Unfortunately, we can’t measure that, as there is no way of telling ETW to use a different compression algorithm. Of course, we could take the stack walk data out of the ETL file and serialize it into a sequential file, but that would change the physical layout, so the results would be skewed. We will have to see whether gains are worth all this trouble when we have the overall numbers on the whole traces.

Either way, I believe the great compression ratio of the hand-rolled compression combined with ZIP is because of two main reasons:

  • General compression algorithms have limited context. In an ETL file, stack walk data is scattered around, so they are harder to compress. By creating a separate stack database file, not only did we remove lots of redundancy, but we also “accidentally” increased the locality of the remaining data, making general compression algorithms more efficient.
  • Having data that is easy to compress is good, but having less of that data is even better.

So basically, we have less data and with good locality.

Now let’s look at the overall numbers (uncompressed vs. built-in compressed vs. hand-rolled-compressed ETL files, which consist of ETL files stripped of stack trace data, plus stack databases). I threw some well-known, general compression algorithms into the mix as well:

Smallf Medium Largef
Uncompressed ETL 36.68 MB 1.63 GB 4.04 GB
ETL w/ built-in compression 6.54 MB (17.83%) 306.19 MB (18.34%) 726.36 MB (17.56%)
ETL w/ ZIP4 compression 2.28 MB (6.22%) 183 MB (10.96%) 437.33 MB (10.57%)
ETL w/ RAR compression 2.22 MB (6.05%) 103.64 MB (6.21%) 275.66 MB (6.66%)
ETL w/ 7z (LZMA2) compression 2.09 MB (5.69%) 91.88 MB (5.5%) 249.79 MB (6.04%)
Stripped ETL w/o compression + uncompressed stackDB 11.99 MB (32.68%) 756.11 MB (45.3%) 1.33 GB (32.82%)
(Stripped ETL w/o compression + uncompressed stackDB) w/ ZIP4 compression 2.5 MB (6.82%) 129.36 MB (7.75%) 301.63 MB (7.29%)
(Stripped ETL w/o compression + uncompressed stackDB) w/ RAR4 compression 1.68 MB (4.59%) 87.77 MB (5.26%) 212.61 MB (5.14%)
(Stripped ETL w/o compression + uncompressed stackDB) w/ 7z (LZMA2) compression 1.83 MB (4.98%) 82.1 MB (4.92%) 221.22 MB (5.35%)

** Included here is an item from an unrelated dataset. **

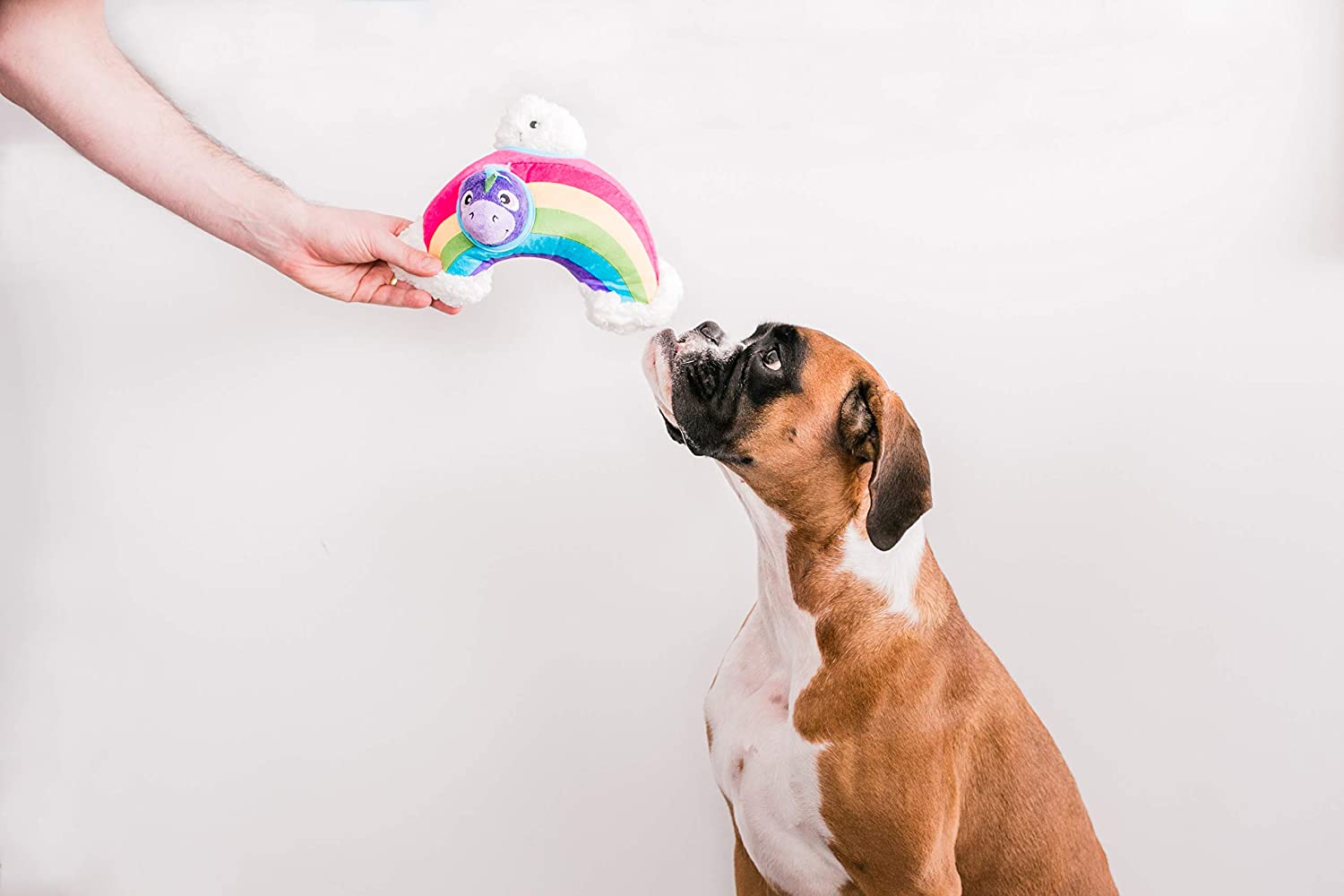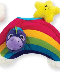 - Each hide-a-rainbow puzzle plush toy is stuffed a squeaking unicorn, star & cloud.

I highlighted the best overall compression ratios. I suggest you take a moment to compare the results. Here are my observations:

  • Built-in compression is better than nothing, but there is an obvious room for improvement
  • Simply compressing the original (uncompressed) ETL files with a general algorithm already provides a huge advantage
  • Doing that on a manually compressed ETL file offers even better compression ratios, but the difference is marginal (1-2%), unfortunately

Given that using the built-in compression has the advantage of not requiring any 3rd party tools, we can draw the following conclusions:

  • If you are satisfied by the compression ratios offered by the built-in compression infrastructure, you are fine
  • If you are not, you should compress your ETL traces with a general compression algorithm. However, if you want to use a tool (like WPA) to operate on it, you need to decompress it first, which takes some time and is tedious to do on every occasion
  • If you need even better compression ratios, you could achieve that with techniques similar to what is mentioned in this blog post, but the additional savings in size is so marginal that it’s not worth the hassle

Closing thoughts, source code

The source code of the program that was used in this blog post is available for download. Be aware, however, that this was just an experiment, so the code quality is utter garbage, and it’s probably full of bugs and memory leaks. If you are okay with that, here’s the download link (you have been warned!).

Other than the points outlined above, there are two additional reasons why my compression program is impractical:

  1. The compression speed is horrible
  2. The public API that is provided for accessing/manipulating the content of ETL files is very limited and sequential. Even though there is a lot of room for performance optimizations in my program, sequential access is a limiting factor for analysis/compression/decompression speed that can’t be worked around.

  3. Compressing and then decompressing a trace does not yield the exact same result
  4. Even though the differences are almost negligible, I did not feel good about this (after all, it’s either correct or not; no in between).

I’m sure a faster, more efficient, and 100% correct compression method could be implemented, but I don’t want to invest any more time into this experiment. The whole story started out as a quick investigation, but eventually, I ended up putting much more time into this than I wanted to originally.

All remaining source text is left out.